I don't know how multi-seat Condorcet would work out in practice, but maybe (NB maybe) multi-seat IRV might give us some
insight.  How often, in real elections, would the Condorcet winners be different from the IRV winners?  If they would
usually be the same, the comparison might be valid and useful.  Multi-seat IRV does ensure that every elected member has
the support of 51% (round figures) of the votes (then in play, etc, etc).  But that could well leave 49% of those who
voted with none of their preferred candidates elected.  Those elected would form a cohesive group, but they would not be
clustered around the median of the voters' wishes.  Would multi-seat Condorcet have the same majoritarian defect?
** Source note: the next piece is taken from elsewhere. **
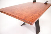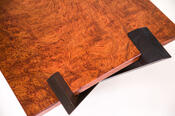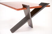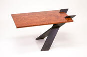 He chose a gorgeous slice of a giant one-piece bubinga slab and a couple chunks of 3/4" plywood to fashion a pair of legs and just trimmed the slab until all things gravity married the weight of the wood and the point of contact into a handsome balancing act of woodworking acrobatics.

The objective in this election may not be to secure maximum representation of the full diversity of opinions among the
voters, but STV-PR might well give a much more "centrist" balance than any single-winner method applied to a multi-seat
election.  But if there are significant divergent views among the community on whose behalf this Committee will work,
why should that diversity not be reflected in the Committee's composition?